Let $k = 1, \dots, K$ index the expert physicians from whom the histograms for ${\bar{θ}}_{1}$ and ${\bar{θ}}_{2}$ are elicited. We formulate a marginal model for the k-th physician’s prior on ${\bar{θ}}_{j}$ by assuming a parametric distribution $p_{j, k} ({\bar{θ}}_{j} | μ_{j, k}, γ_{j, k}),$ where $μ_{j, k}$ is a location parameter and $γ_{j, k} > 0$ is a precision parameter, for j = 1, 2. We formulate the marginal distributions in terms of location and precision parameters to facilitate analysis of the sensitivity of posterior inferences to prior bias and informativeness, which we will describe in Section 5 below. Association between ${\bar{θ}}_{1}$ and ${\bar{θ}}_{2}$ in each physician’s joint prior is induced by assuming a bivariate prior for two latent physician effects (frailties), one effect for location and a second effect for precision. The marginals of $[{\bar{θ}}_{1} | μ_{1, k}, γ_{1, k}]$ and $[{\bar{θ}}_{2} | μ_{2, k}, γ_{2, k}]$ are defined conditional on the k-th physician’s frailties, and a bivariate prior then is obtained by averaging the product of these conditional marginals over the frailty distribution.
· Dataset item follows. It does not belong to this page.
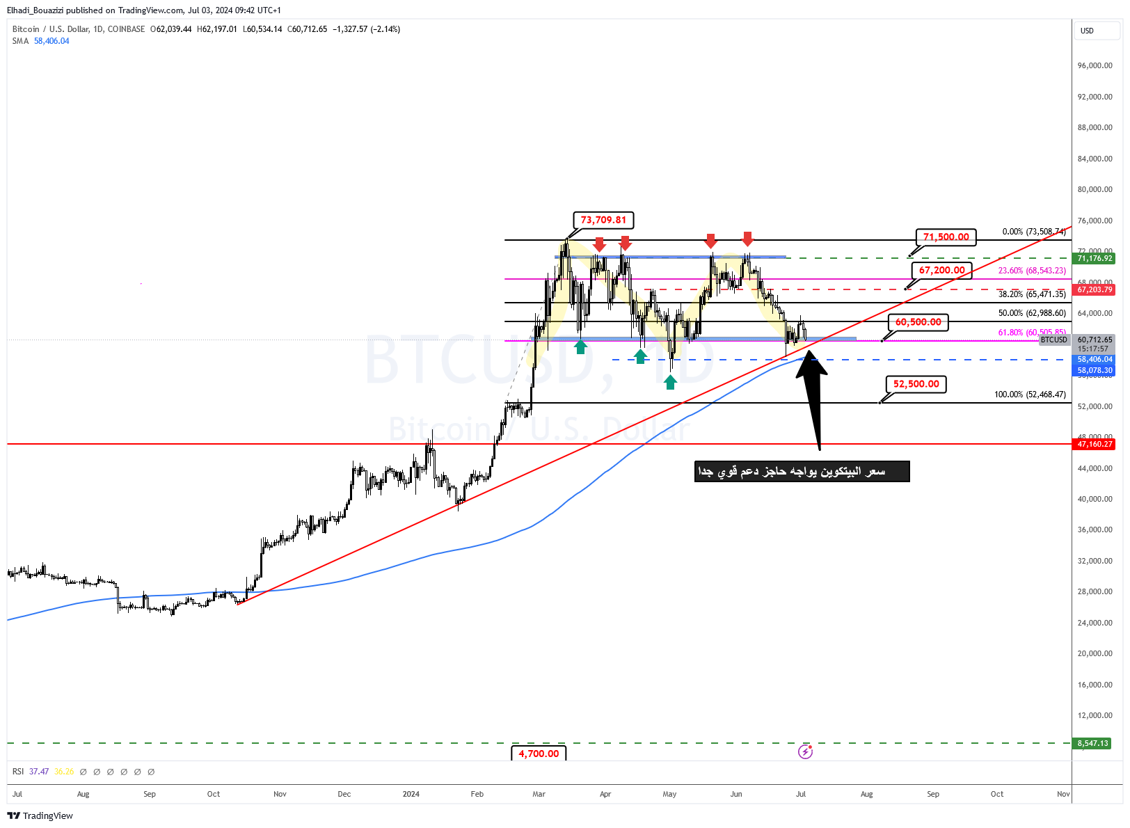 فنيا سعر البيتكوين ما زال صامد فوق مستوى للدعم المحوري و خط الاتجاه الصاعد و المتوسط الحسابي 200 يوم. حتى يتحقق سيناريو الهبوط نحو مستوى 52,000 دولار، يجب الإغلاق تحت هذه المستويات الفنية.
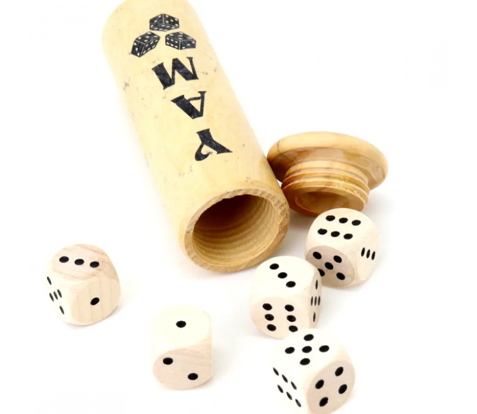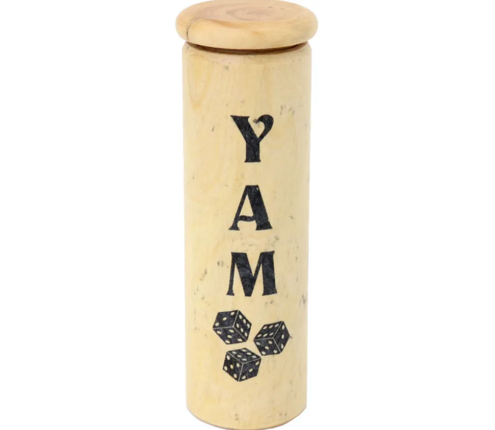 Très pratique, un jeu de yam avec son tube de rangement pour vos vacances, jeux à l’apéro ou mini jeu avec les enfants.

Models for the marginal priors of the $θ_{j, k}$ ’s may be chosen for their tractability, since they will be fit to the elicited histograms. We require that they are parameterized in terms of location and precision parameters, μ and $γ,$ to give the structure needed for conducting prior-to-posterior sensitivity analyses. For binary Y, where the $θ_{j, k}$ ’s are probabilities, the beta distribution is a convenient, flexible family of parametric priors. Suppressing (j, k) temporarily, the beta pdf with mean μ and variance $μ (1 - μ) / (1 + γ)$ is given by

p (x | μ, γ) = \frac{x^{μ γ - 1} (1 - x)^{(1 - μ) γ - 1}}{B (μ γ, (1 - μ) γ)}, 0 < x < 1

where B(a, b) = $Γ (a) Γ (b) / Γ (a + b)$ and $Γ (\cdot)$ denotes the gamma function. Thus, larger γ corresponds to greater precision. For real-valued Y, the normal distribution with mean μ and precision parameter γ = 1/ $var (θ)$ is a natural choice for the prior family. For Y an event time or other nonnegative-valued random variable, there are several reasonable two-parameter models that may be defined in terms of location and precision parameters. For example, a flexible model for the prior of the $θ_{j, k}$ ’s is a gamma distribution with mean μ and precision γ, with pdf

p (x | μ, γ) = \frac{(μ γ)^{μ^{2} γ} x^{μ^{2} γ - 1} e^{- μ γ x}}{Γ (μ^{2} γ)} x > 0

To obtain priors for ${\bar{θ}}_{1}$ and ${\bar{θ}}_{2},$ the parametric models $p_{1, k} ({\bar{θ}}_{1} | μ_{1, k}, γ_{1, k})$ and $p_{2, k} ({\bar{θ}}_{2} | μ_{2, k}, γ_{2, k})$ are fit to the corresponding histograms elicited from the k-th physician, which yields numerical values of the four hyperparameters $μ_{1, k}, γ_{1, k}, μ_{2, k}, γ_{2, k},$ for each $k = 1, \dots, K .$ A numerical method for obtaining these fits is described below, in Section 3.2.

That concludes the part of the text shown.